Gov. Andy Beshear, center, speaks to Ascend Elements CEO Michael O’Kronley after a ground-breaking ceremony at Commerce Park II in Hopkinsville in October 2022. (Hoptown Chronicle photo by Jennifer P. Brown)
The company behind a planned battery recycling plant in Western Kentucky is receiving another $125 million in funding from the U.S. Department of Energy (DOE) as a part of a broader federal effort to boost battery production and recycling for electric vehicles (EVs) and the electric grid.
Massachusetts-based Ascend Elements is receiving the federal award for its planned $65 million lithium-ion battery recycling plant it announced last year in partnership with South Korea-based SK ecoplant, which will be the majority owner in the plant.
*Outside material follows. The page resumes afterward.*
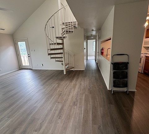 2 bedrooms, 2 full bathrooms. Primary bedroom has 2 closets and own full bath with separate tub and shower. Added loft for additional living space. Painted throughout, new flooring throughout (rugs in bedrooms and loft), vinyl plank in bathrooms, hallway, living & kitchen. There is also an outside deck of the living area. Appliances include refrigerator, dishwasher, range, microwave, washer & dryer. 1 designated parking space per unit Water & sewer included in rent. Tenant responsible for gas, electric & internet provider.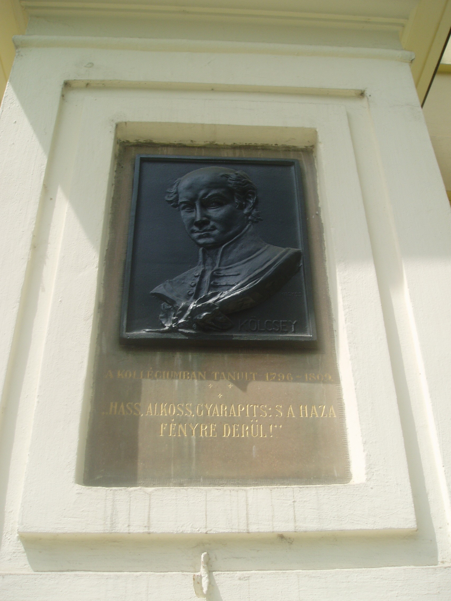 Nyilvános 1464 | 1962 | Debrecen, Kálvin tér 16. Református Kollégium: Kölcsey Ferenc domborműve | A Kollégium mai épülete a magyar klasszicista építészet nagyszerű példája. A főbejárat homlokzatát Nagy Sándor János bronz domborművei díszítik. Kettős oszlopot hordozó széles táblán Kálvin és Zwingli egymással szembeforduló alakja látható. A mellette lévő oszlopon Arany János bronz domborművét találhatjuk, míg a Füvészkert utca felől Csokonai Vitéz Mihály emlékét örökítették meg. Ugyancsak a főbejáraton látható Kölcsey Ferenc portréja, Nagy Sándor János egyik legszebb alkotása. A sort Fazekas Mihály és Móricz Zsigmond portréja egészíti ki. Medgyessy Ferenc bronz domborműve a kollégium hősi halottainak, tanároknak és diákoknak állít emléket. A képen Kölcsey Ferenc domborműve látható, aki tizenhárom éven keresztül volt a Kollégium diákja, a jogot is itt végezte. A fénykép 2006 júniusában készült. Felh. irod.: Kovács Gergelyné: Debrecen. Bp. Panoráma, 1981 Papp Antal: Debrecen. Bp. Panoráma, 1976 Győri L. János: "Egész Magyarországnak és Erdélynek világosító lámpása": a debreceni Református Kollégium története. Debrecen, 2006 |

The companies at that time said the 100,000-square-foot recycling plant would shred 24,000 metric tons of EV batteries.
The companies planned to have the construction of the battery recycling plant completed by January 2025. An Ascend Elements spokesperson didn’t immediately respond to a request for comment about the funding announcement.
White House National Climate Advisor Ali Zaidi in a statement Friday about the funding — which awarded more than $3 billion to 25 battery-related projects across the country — said the funding is “helping support the technologies that we need in the market today, the components that we will need in the near future, and the innovative technologies we need to advance our vision for a circular domestic battery supply chain that positions the United States to continue leading the global effort on clean energy.”
Ascend Elements’ battery recycling plant plans to collect thousands of tons of what’s known as “black mass,” or shredded battery material containing battery elements including lithium, cobalt and graphite. The companies plan to extract graphite from the recycled batteries, have it further processed and enhanced at a separate Louisiana facility and then sell the new battery-grade graphite.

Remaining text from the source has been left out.